The Cloud Storage Connectors

When deploying CDP clusters on cloud Infrastructure-as-a-Service (IaaS), you can take advantage of the native integration with the object storage services available on Amazon Simple Storage Service (S3) in AWS, Azure Data Lake Storage (ADLS) Gen2 in Azure, and Google Cloud Storage (GCS) in Google Cloud. This integration is through cloud storage connectors included with CDP. Their primary function is to help you connect to, access, and work with data the cloud storage services.

The Cloud Connectors allow you to access and work with data stored in Amazon S3, ADLS Gen2, and GCS storage services including but not limited to the following use cases:

Collect data for analysis and then load it into Hadoop ecosystem applications such as Hive or Spark directly from cloud storage services.
Persist data to cloud storage services for use outside of CDP clusters.
Copy data stored in cloud storage services to HDFS for analysis and then copy back to the cloud when done.
Share data between multiple CDP clusters, and between various external non-CDP systems.
Back up CDP clusters using distcp.

The cloud object store connectors are implemented as individual Hadoop modules.
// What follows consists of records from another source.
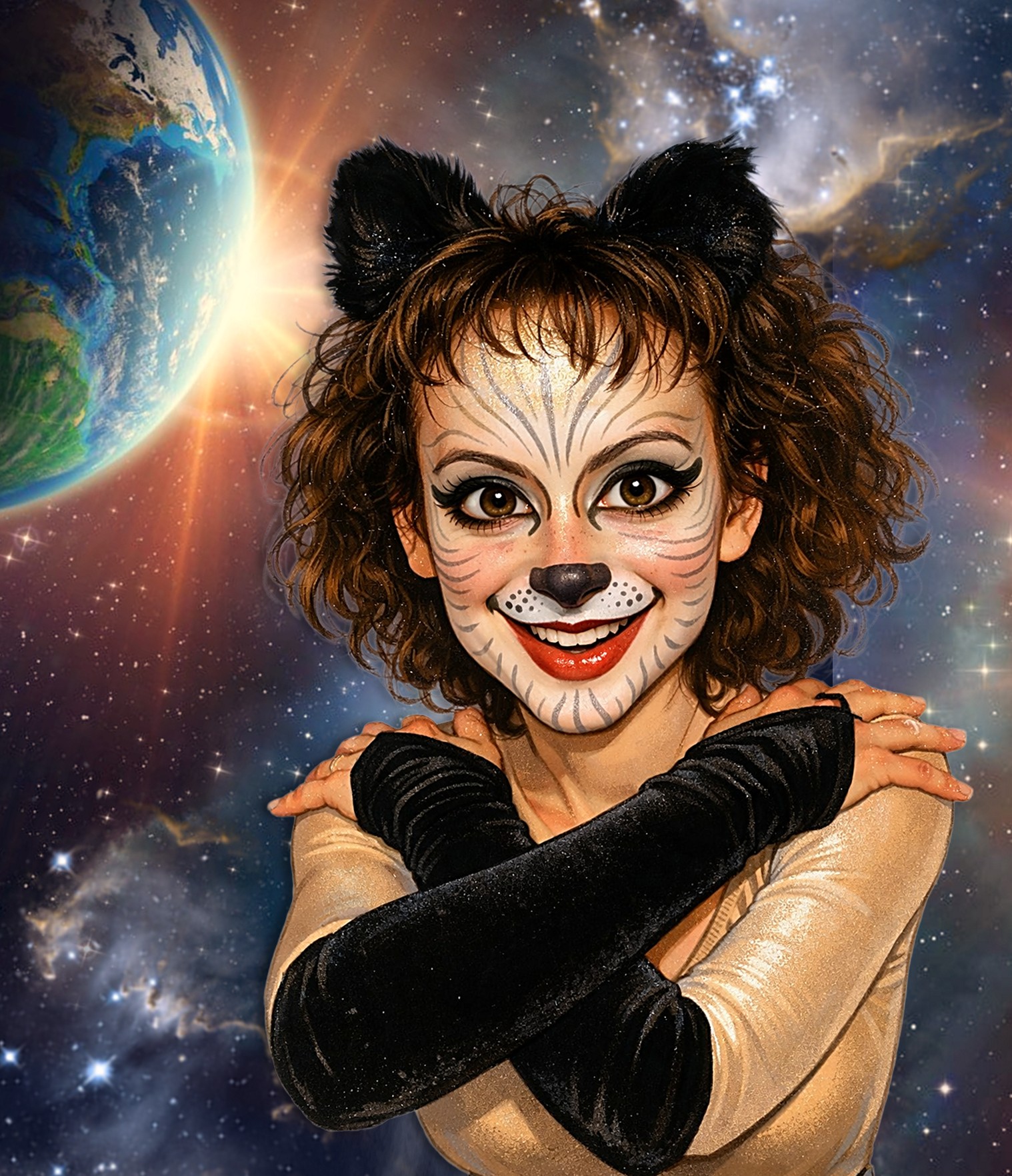 Originally from Buffalo, New York, Allison Banes, a pretty twenty-eight year old woman with brown-hair and eyes, slim, very independent and an aspiring primatologist, is in Tanzania working on a Doctor of Philosophy degree from Cornell University of Ithaca, New York. While conducting her PhD dissertation research in behavioral ecology of black-and-white colobus monkeys in the Mount Meru Forest Reserve of Arusha National Park, Allison sees the Brozian spaceship explode in mid-air and crash land. Nearby the crash site, the Catusapian crawls out of the escape pod, suffering from something like jet lag, her body has trouble breathing the air on the Earth. Allison finds the half-feline half-human extraterrestrial asleep. Overtaken by this discovery, she carries the alien off to her Honda Odyssey minivan, taking her home with her for observation. She even names her Kitty so if anyone hears her call out to her, they think she has a cat.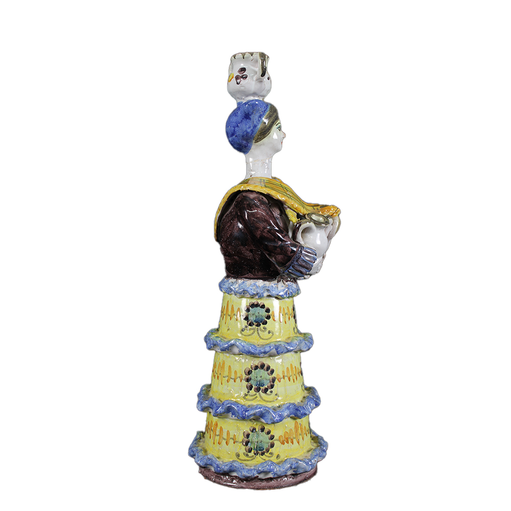 LUCERNA in maiolica policroma raffigurante acquaiola, incollaggi e usure del tempo maestranze siciliane primi 900 h cm 45 x Ø 15,5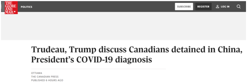 加总理办公室表示,特鲁多在通话中祝愿感染新冠的美国总统及其夫人一切顺利。特鲁多还回忆起今年3月自己的夫人感染新冠后收到来自美国总统的“关切”。通话内容显示,两位领导人还讨论了遏制疫情的努力。

The libraries and their dependencies are automatically placed on the classpath.

Cloud Storage Service	Connector Description	URL Prefix
Amazon S3	The S3A connector enables reading and writing files stored in the Amazon S3 object store.	`s3a://`
ADLS Gen2	The ABFS connector enables reading and writing files stored in the ADLS Gen2 object store.	`abfs://`
GCS	The GCS connector supports reading and writing data in GCS.	`gcs://`